The Bank Job (2008)
6/10
Not quite what it could have been...
13 April 2008
Warning: Spoilers
The most dangerous lies are those that are based on kernels of truth. This is why I cringe whenever I see the ominous words 'based on a true story' advertising a film. The Bank Job is the fictionalized story of the walkie-talkie robbery that took place in London in 1971. A small team of Cockney lads, existing on the margins of criminal milieu, successfully robbed the safety box vault of a posh branch of Lloyd's Bank and, on the face of it, got away with most of the proceeds. The film uses some of the facts (the crew was indeed spotted by a ham radio operator, only a handful of safety box owners made any claims) and lots of gossip (the rumour was that one of the safety boxes contained naughty exploits of a royal princess, another implicated a cross-dressing Lord Mountbatten) , then adds some of its own inventions: MI5, or was it MI6, staged the whole operation to recover the pictures and there was also a ledger detailing payoffs to crooked police by a porn king (David Suchet, unfairly looking like the late Ronnie Corbett). Jason Statham, as Terry the leader of the crew, does his Jason Statham act and the rest of the cast turns up to give reliable performances. The whole film works in its contrived and rushed way, but it is much less than what it should have been. The look of the film tries to emulate the 1970s heist flicks but the director (Roger Donaldson) is not sure whether he wants to make a Boulting Brothers style heist romp or a more grungy Brit gangster film. Light-hearted scenes suddenly give way to brutal torture of likable characters, farcical asides lead to serious exchanges.
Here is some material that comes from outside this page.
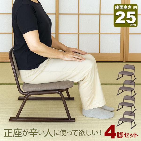 4脚セット 座椅子 脚付き 高座椅子 座面高さ25cm 完成品 幅52cm 奥行46cm 高さ45cm ブラウン ファブリック おしゃれ 法事用 座敷 椅子 仏壇椅子 法要 座いす 和室 椅子 低い椅子 高齢者 集会所 スタッキングチェア 丈夫 軽い コンパクト 積み重ね可能 組み立て不要 ERCL-800

The look of the film, although generally true to the era, sometimes appears sloppy or rushed (underground signs, for example, look distractingly modern).

It is an old-fashioned script with an old-fashioned structure. The use of real names for dead characters, with all the implications on their reputation and on their families, is a nasty element in the film, considering that it is largely based on gossip and innuendo, and it sits uncomfortably with the would-be comedy of bumbling crooks, spooks and coppers.